▸ **What is needed**
Beginning with the line that contains "7点50分,伴随着雄壮有力的" and ending with the line that contains "柔軟的絨布鞋面材質,低調的小貓跟設計,打造質感與優雅日常場合都適合穿搭。", reproduce the lines of the entries below exactly, omitting pictures.

##############################

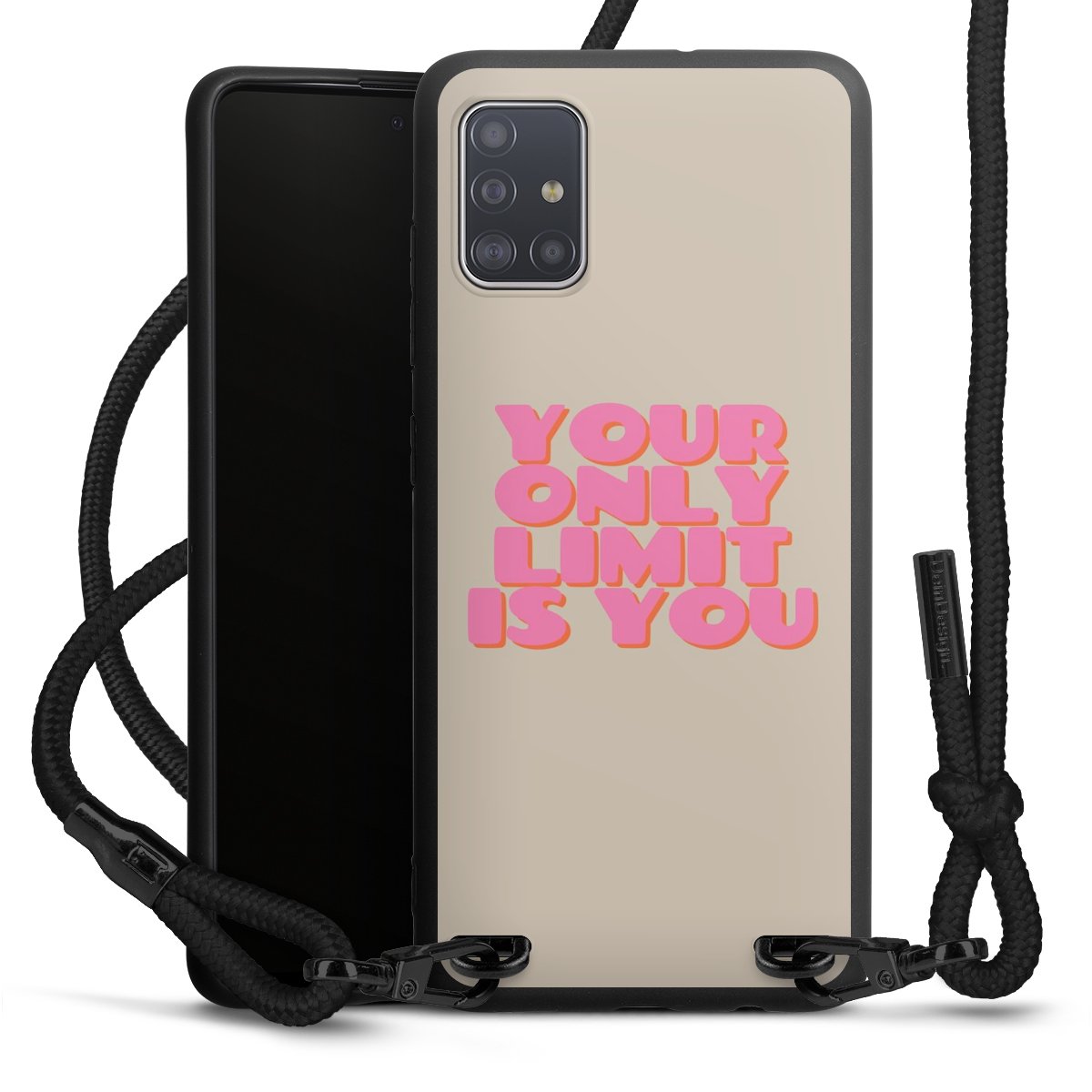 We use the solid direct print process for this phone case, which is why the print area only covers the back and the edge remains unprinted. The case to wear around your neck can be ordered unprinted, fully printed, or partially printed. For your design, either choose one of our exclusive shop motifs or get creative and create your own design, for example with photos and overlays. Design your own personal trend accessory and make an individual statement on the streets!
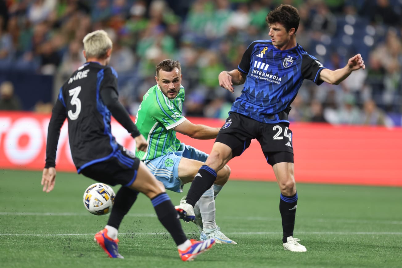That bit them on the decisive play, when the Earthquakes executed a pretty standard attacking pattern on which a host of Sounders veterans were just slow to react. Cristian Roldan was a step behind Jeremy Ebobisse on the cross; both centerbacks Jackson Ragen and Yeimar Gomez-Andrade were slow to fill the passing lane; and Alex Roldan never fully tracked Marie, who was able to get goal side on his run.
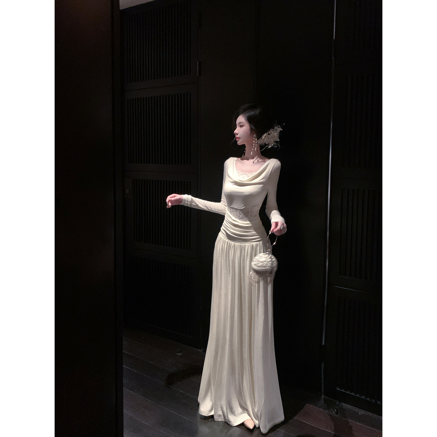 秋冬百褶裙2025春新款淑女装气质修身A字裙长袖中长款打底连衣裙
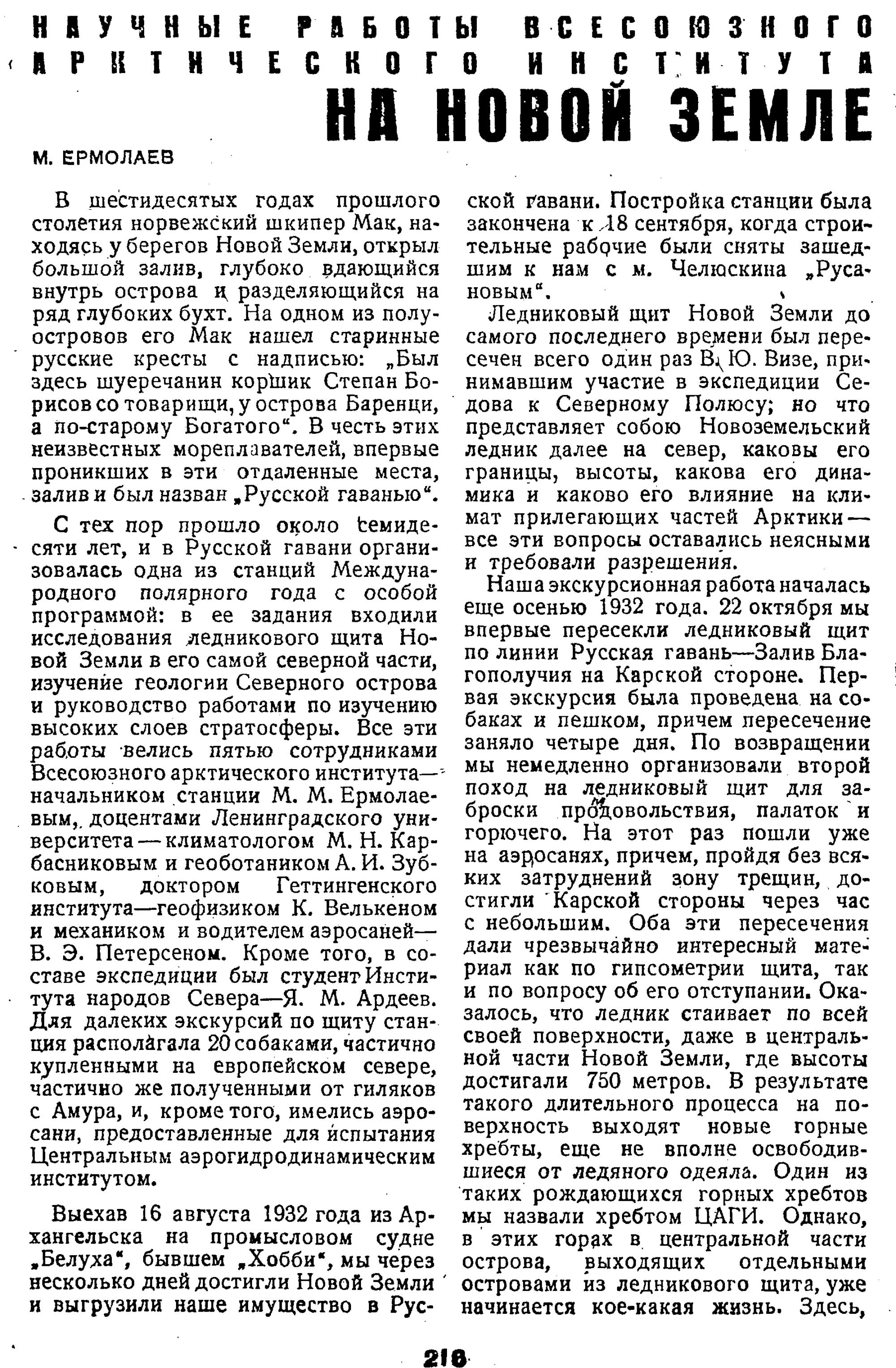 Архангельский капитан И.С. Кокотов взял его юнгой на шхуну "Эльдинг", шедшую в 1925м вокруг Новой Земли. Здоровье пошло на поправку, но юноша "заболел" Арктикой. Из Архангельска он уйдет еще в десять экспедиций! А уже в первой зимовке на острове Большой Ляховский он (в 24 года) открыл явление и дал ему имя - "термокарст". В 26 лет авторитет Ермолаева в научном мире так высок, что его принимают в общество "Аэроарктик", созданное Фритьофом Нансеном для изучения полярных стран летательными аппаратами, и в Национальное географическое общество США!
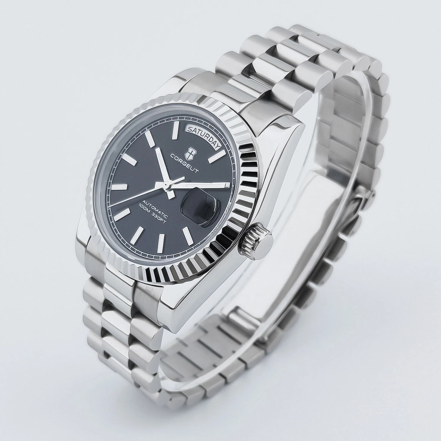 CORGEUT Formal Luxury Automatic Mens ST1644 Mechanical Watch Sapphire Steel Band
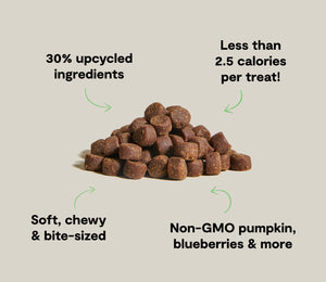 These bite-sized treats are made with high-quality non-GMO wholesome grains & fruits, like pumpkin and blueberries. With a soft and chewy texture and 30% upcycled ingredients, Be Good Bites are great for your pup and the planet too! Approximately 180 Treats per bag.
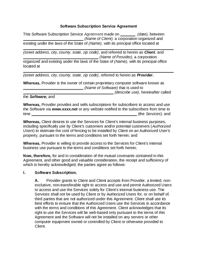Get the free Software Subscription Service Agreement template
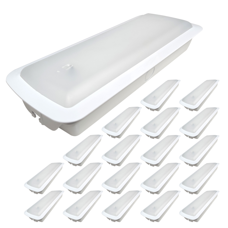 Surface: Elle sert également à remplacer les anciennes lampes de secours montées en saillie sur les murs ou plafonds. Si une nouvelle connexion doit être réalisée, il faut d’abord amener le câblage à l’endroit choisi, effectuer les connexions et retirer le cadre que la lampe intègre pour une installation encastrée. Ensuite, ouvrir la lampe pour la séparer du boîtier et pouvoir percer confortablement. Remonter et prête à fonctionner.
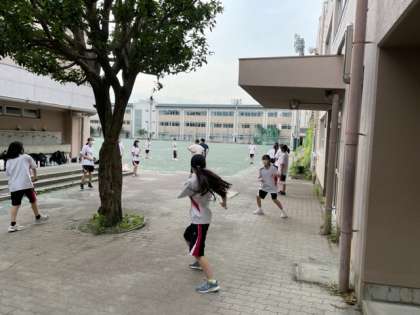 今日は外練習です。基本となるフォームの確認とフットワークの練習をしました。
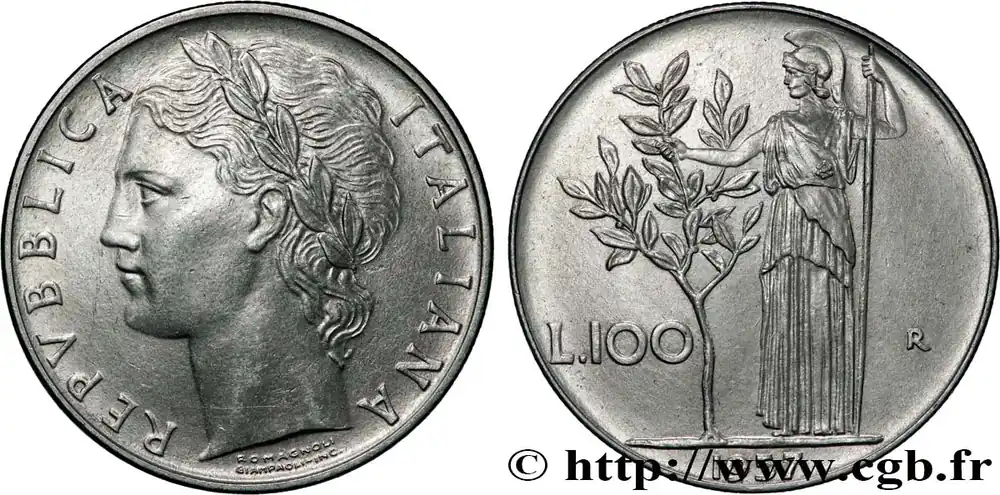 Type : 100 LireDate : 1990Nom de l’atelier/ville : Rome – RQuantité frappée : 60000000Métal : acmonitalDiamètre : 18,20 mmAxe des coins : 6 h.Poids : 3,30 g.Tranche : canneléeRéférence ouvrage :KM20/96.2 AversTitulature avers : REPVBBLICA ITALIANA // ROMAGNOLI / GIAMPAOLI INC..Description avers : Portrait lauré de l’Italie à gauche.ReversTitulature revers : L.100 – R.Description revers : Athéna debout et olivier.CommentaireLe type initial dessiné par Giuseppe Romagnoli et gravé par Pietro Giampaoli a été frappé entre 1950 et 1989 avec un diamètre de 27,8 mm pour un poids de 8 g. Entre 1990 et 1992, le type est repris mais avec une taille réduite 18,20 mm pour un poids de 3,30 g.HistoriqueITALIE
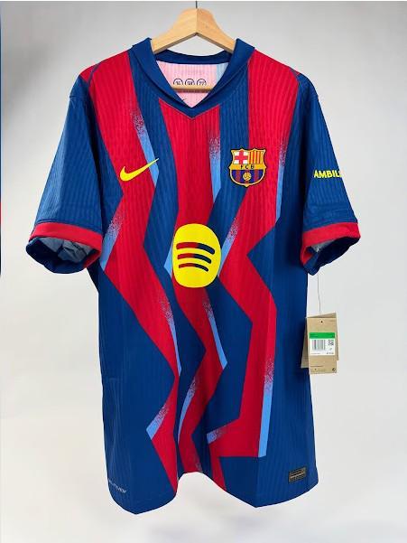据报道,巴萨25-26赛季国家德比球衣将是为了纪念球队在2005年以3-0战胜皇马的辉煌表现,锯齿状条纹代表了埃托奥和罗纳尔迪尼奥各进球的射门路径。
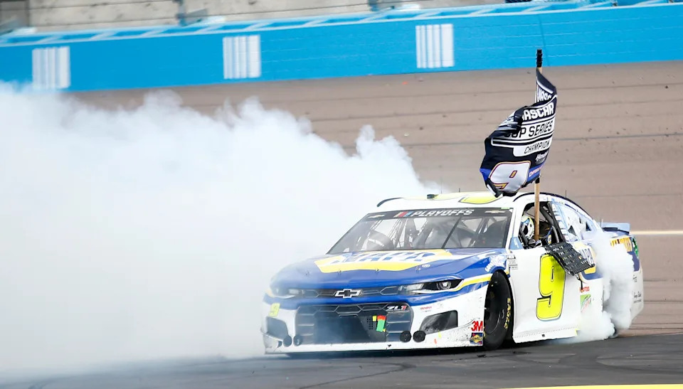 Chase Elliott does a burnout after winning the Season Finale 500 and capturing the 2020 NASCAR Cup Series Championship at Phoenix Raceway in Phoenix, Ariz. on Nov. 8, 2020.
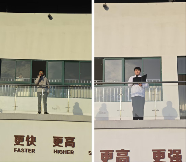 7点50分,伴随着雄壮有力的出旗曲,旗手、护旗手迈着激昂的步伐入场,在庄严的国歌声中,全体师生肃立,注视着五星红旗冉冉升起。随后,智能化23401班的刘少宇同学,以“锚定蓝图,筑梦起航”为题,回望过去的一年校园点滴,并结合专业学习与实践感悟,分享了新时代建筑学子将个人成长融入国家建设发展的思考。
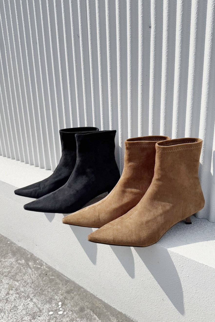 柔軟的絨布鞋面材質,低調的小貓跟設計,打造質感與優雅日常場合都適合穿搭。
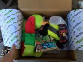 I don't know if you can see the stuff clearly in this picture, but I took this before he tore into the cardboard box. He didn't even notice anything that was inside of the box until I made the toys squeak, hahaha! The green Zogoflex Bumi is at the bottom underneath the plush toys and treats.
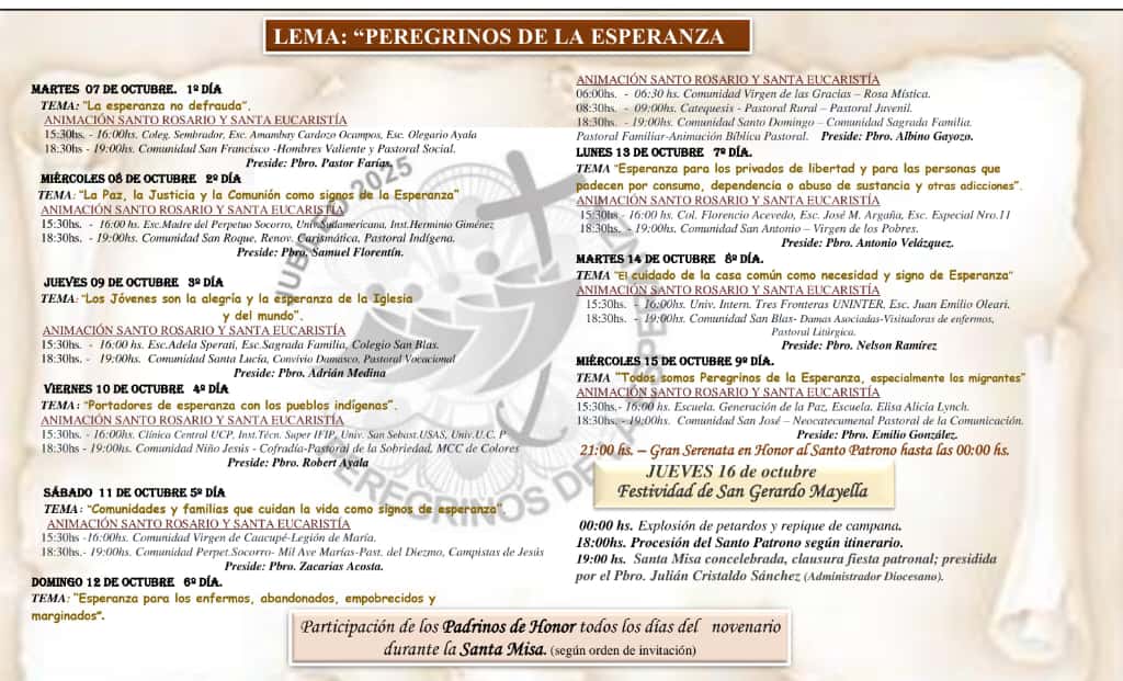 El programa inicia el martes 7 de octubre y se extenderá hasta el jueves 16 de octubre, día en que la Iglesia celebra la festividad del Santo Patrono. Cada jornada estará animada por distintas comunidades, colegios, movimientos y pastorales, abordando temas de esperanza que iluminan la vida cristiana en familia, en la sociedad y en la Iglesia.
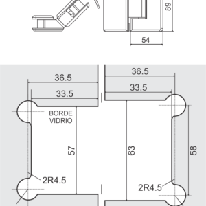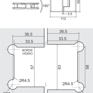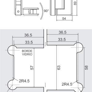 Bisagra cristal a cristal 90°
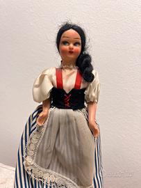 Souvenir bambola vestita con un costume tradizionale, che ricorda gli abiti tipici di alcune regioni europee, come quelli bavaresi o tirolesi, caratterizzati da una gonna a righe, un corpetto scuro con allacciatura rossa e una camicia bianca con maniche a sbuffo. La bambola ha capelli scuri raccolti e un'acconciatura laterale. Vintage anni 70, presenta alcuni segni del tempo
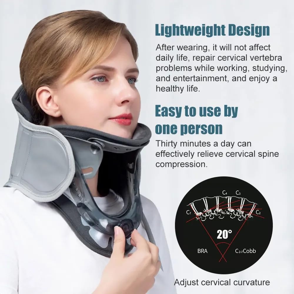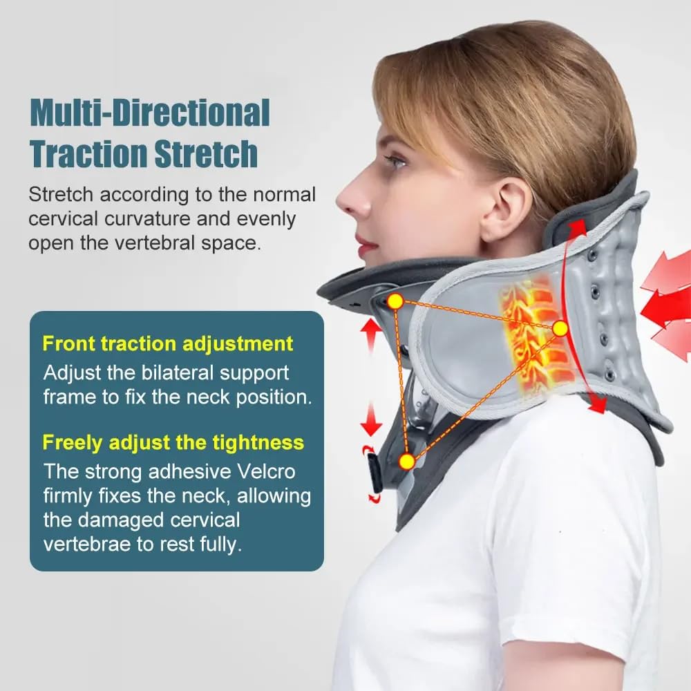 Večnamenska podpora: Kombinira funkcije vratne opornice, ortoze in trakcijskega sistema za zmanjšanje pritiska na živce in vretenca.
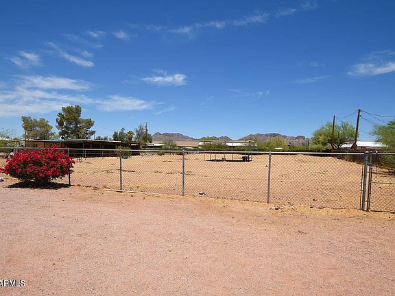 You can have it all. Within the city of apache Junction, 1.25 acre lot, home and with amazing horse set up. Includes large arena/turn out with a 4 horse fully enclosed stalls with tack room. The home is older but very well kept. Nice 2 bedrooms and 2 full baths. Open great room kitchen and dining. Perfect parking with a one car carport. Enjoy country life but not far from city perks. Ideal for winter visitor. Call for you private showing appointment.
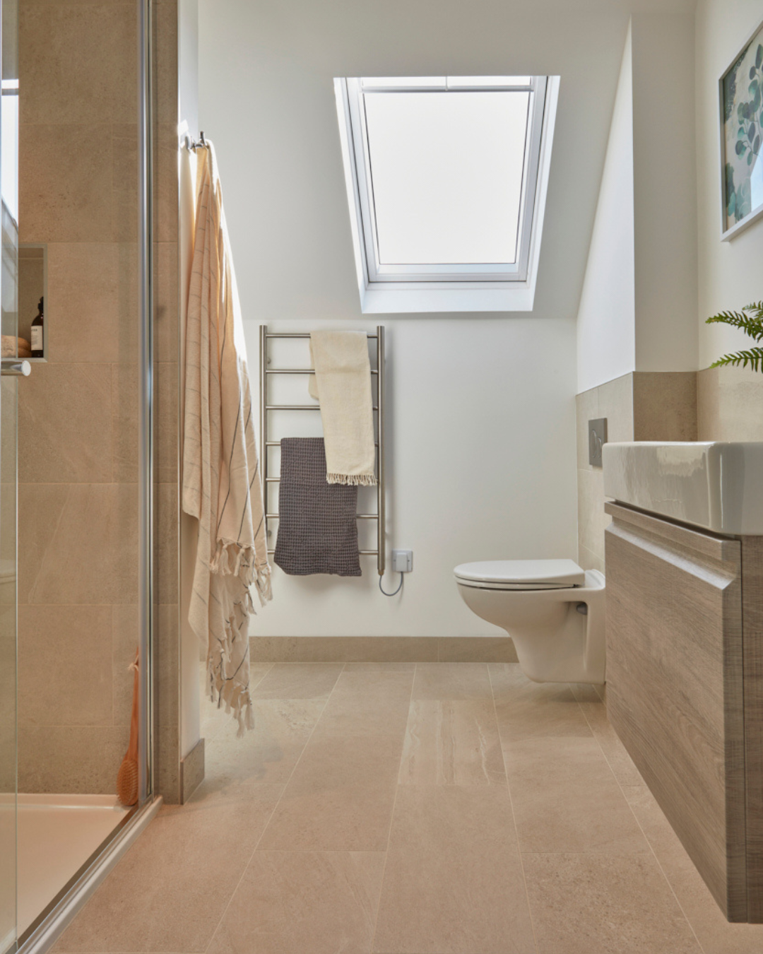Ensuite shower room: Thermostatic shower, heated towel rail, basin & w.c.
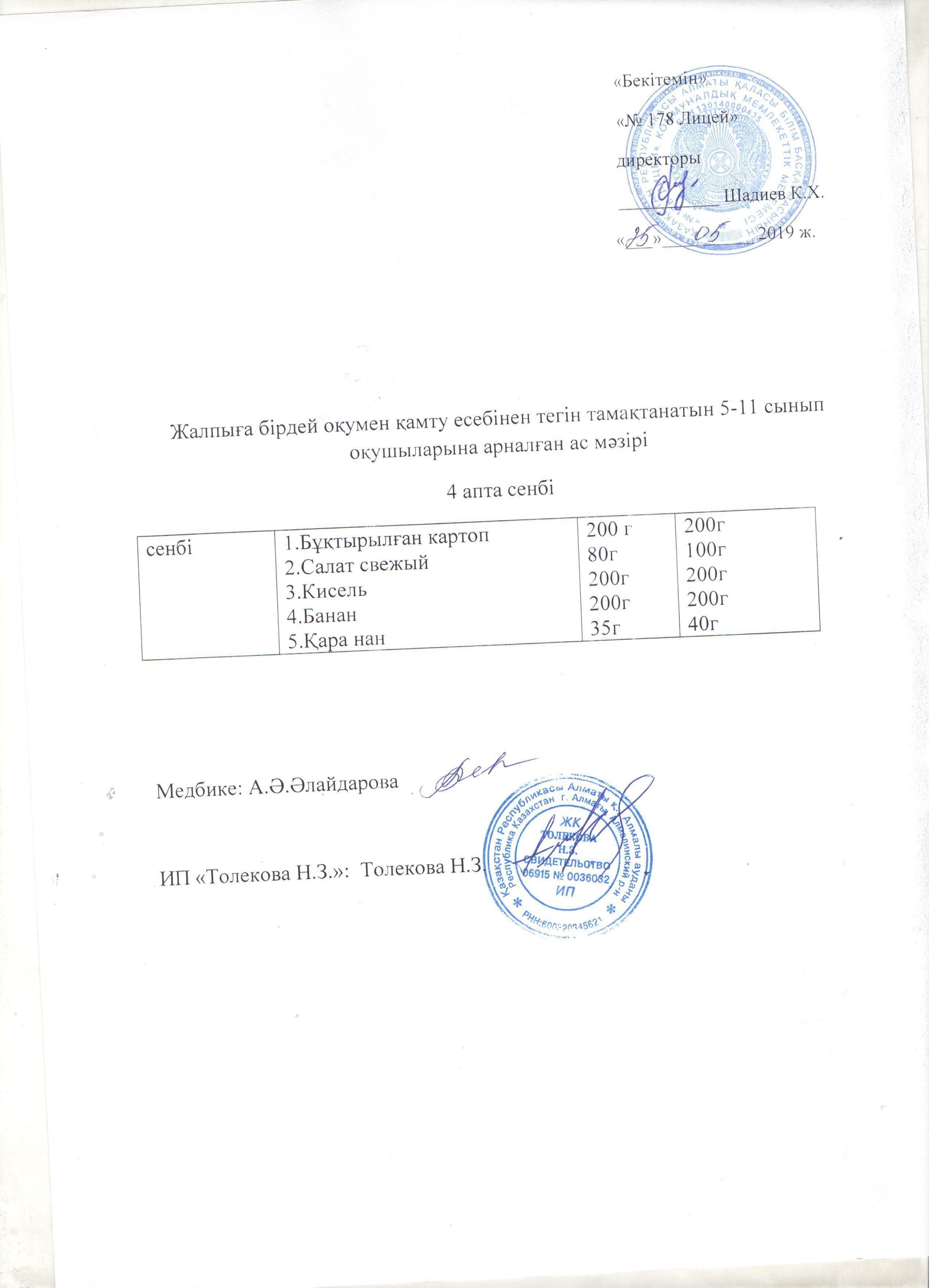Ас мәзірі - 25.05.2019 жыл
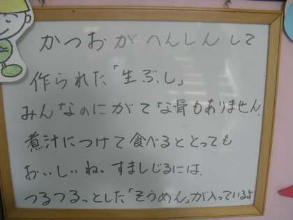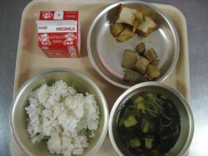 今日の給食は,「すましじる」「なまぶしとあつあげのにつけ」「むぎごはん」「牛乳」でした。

##############################

▸ **Answer to this problem**
 7点50分,伴随着雄壮有力的出旗曲,旗手、护旗手迈着激昂的步伐入场,在庄严的国歌声中,全体师生肃立,注视着五星红旗冉冉升起。随后,智能化23401班的刘少宇同学,以“锚定蓝图,筑梦起航”为题,回望过去的一年校园点滴,并结合专业学习与实践感悟,分享了新时代建筑学子将个人成长融入国家建设发展的思考。
 柔軟的絨布鞋面材質,低調的小貓跟設計,打造質感與優雅日常場合都適合穿搭。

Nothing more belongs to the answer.